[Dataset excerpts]
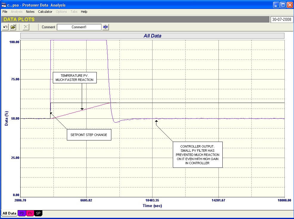 2. It should be noted that even with a very tiny noise on the PV signal (which is normal for temperature signals due to the large inherent filtering effect provided by the thermowell), a high gain in the controller can cause the valve to start jumping around, as the noise will be amplified by the gain and will appear on the output of the controller. This may shorten the life of the valve. In a case like this, a filter (which should be as small as possible) can be placed on the PV to dampen the noise.
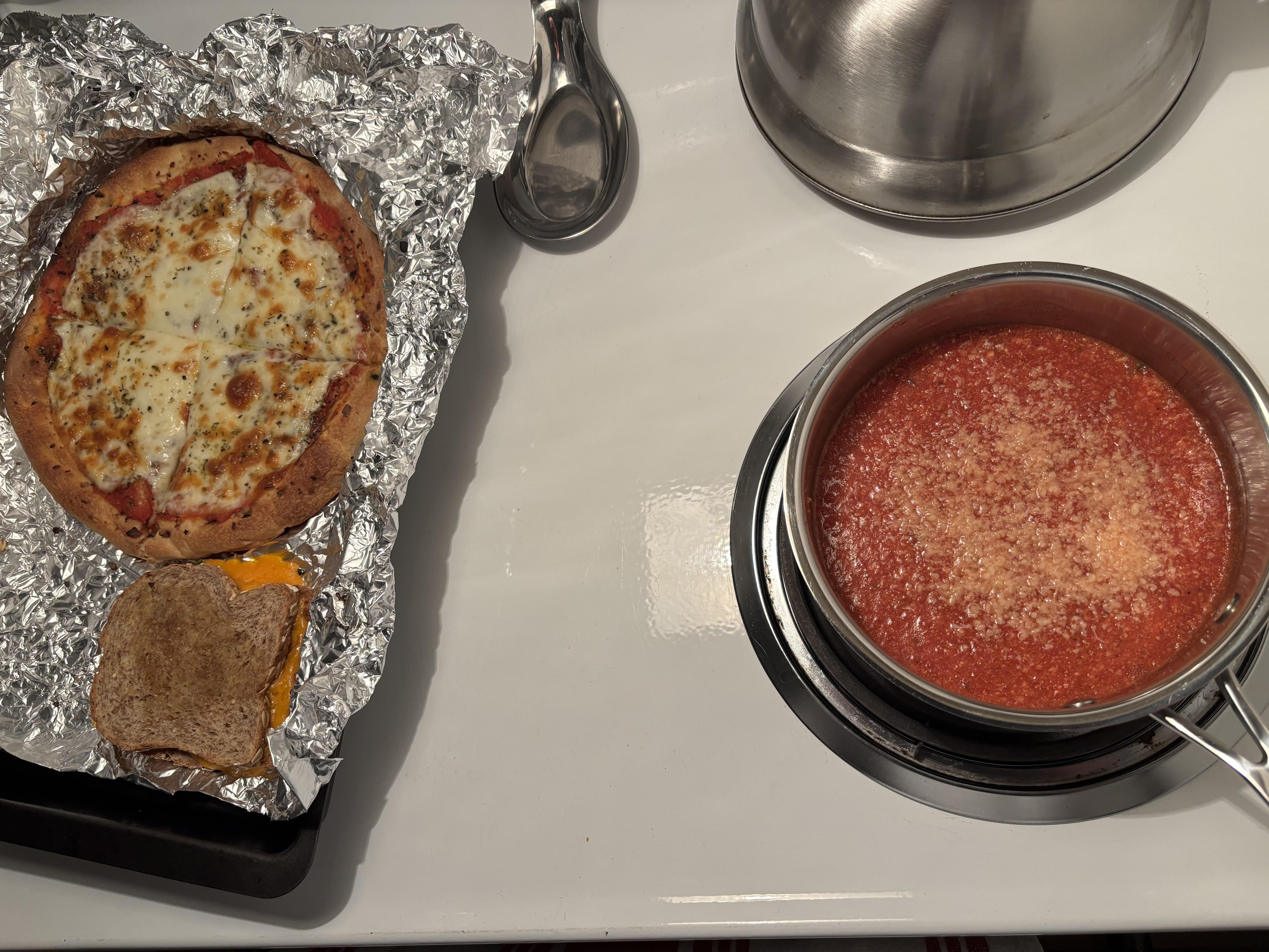 Leftover garlic naan, quick homemade pizza sauce, mozz = pizza + tomato soup and grilled cheese by fitsomah Dinner Tonight Tonight's Dinner
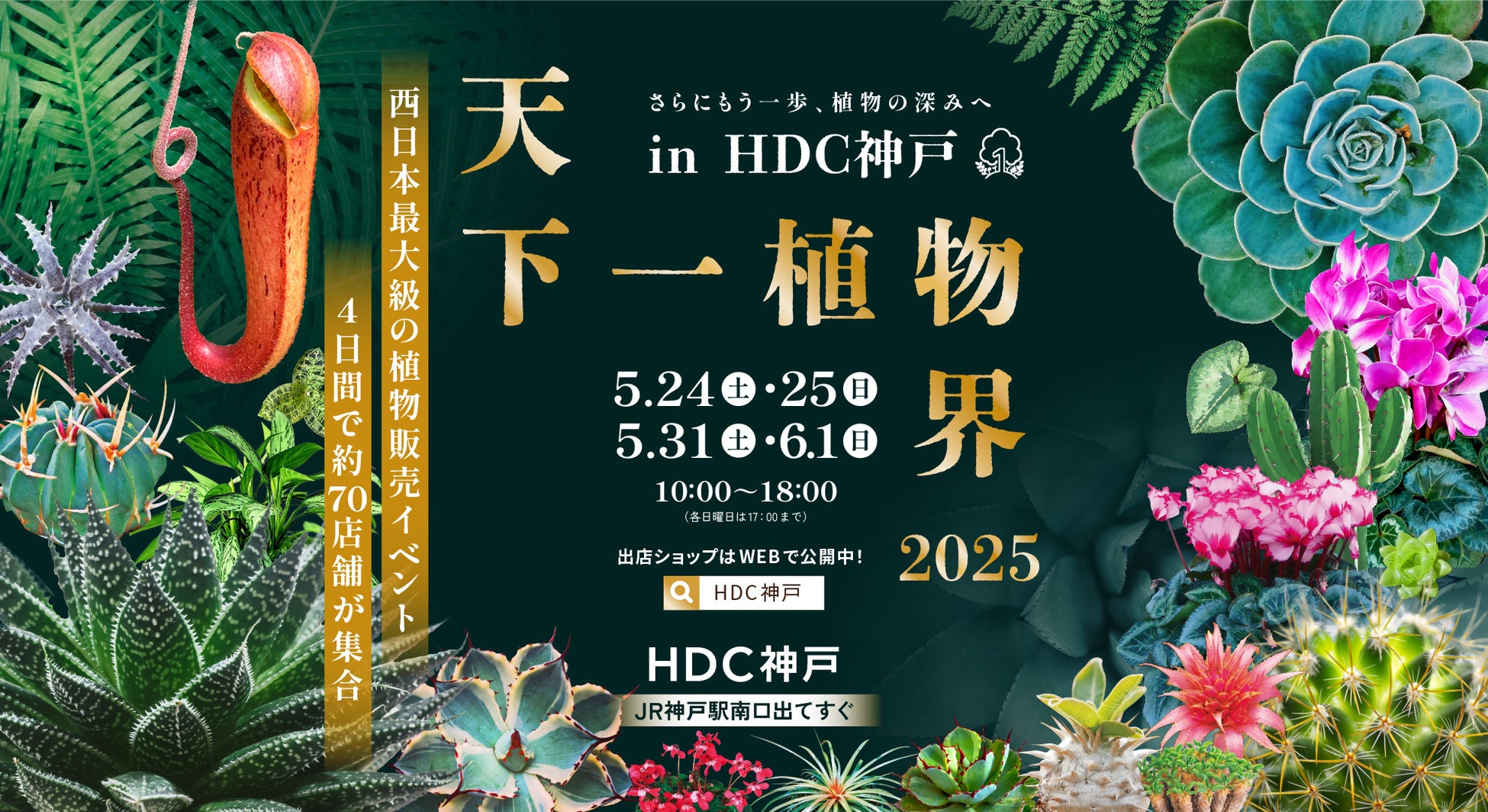 総勢約75店舗が出店する、関西最大級の植物イベント「天下一植物界」をJR神戸駅から徒歩すぐの「HDC(ハウジング・デザイン・センター)神戸」で開催いたします。
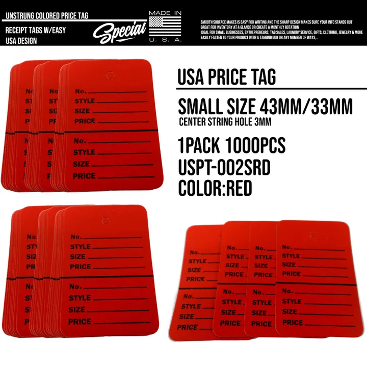 USA アメリカ プライスタグ 値札 下げ札 紙タグ カラータグ 価格タグ ビンテージ 古着 アパレル店 雑貨店 店舗用品 フリーマーケット イベント 1000枚入り : USPT-002 S RED 1000枚入り
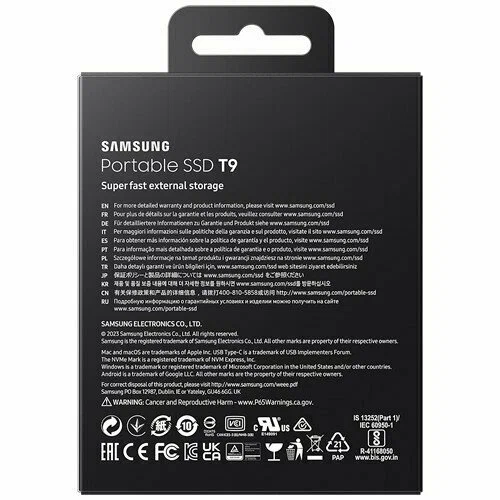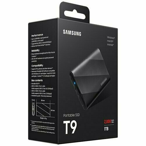 1 ТБ Внешний накопитель Samsung T9 SSD USB 3.2 Black (Черный) (Код модели: MU-PG1T0B/WW) интересное:
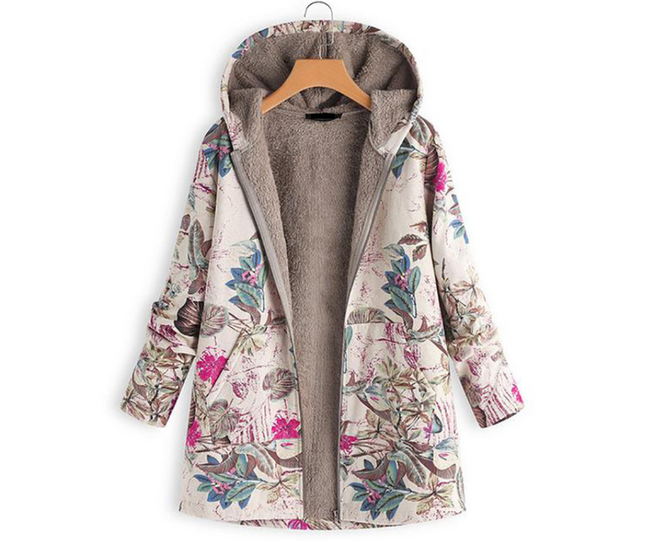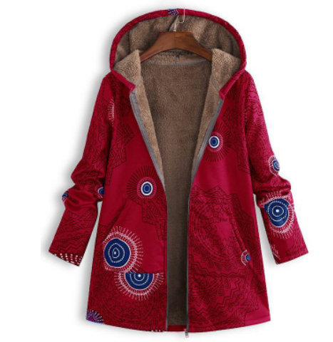 Autumn And Winter New Women's Vintage Warm Printing Pocket Thickened Zipper Hoodie

§ TASK BRIEF
Print exactly the first line of the entries and every line after it through the one that contains "総勢約75店舗が出店する、関", leaving the pictures out.

§ ANSWER BOX
 2. It should be noted that even with a very tiny noise on the PV signal (which is normal for temperature signals due to the large inherent filtering effect provided by the thermowell), a high gain in the controller can cause the valve to start jumping around, as the noise will be amplified by the gain and will appear on the output of the controller. This may shorten the life of the valve. In a case like this, a filter (which should be as small as possible) can be placed on the PV to dampen the noise.
 Leftover garlic naan, quick homemade pizza sauce, mozz = pizza + tomato soup and grilled cheese by fitsomah Dinner Tonight Tonight's Dinner
 総勢約75店舗が出店する、関西最大級の植物イベント「天下一植物界」をJR神戸駅から徒歩すぐの「HDC(ハウジング・デザイン・センター)神戸」で開催いたします。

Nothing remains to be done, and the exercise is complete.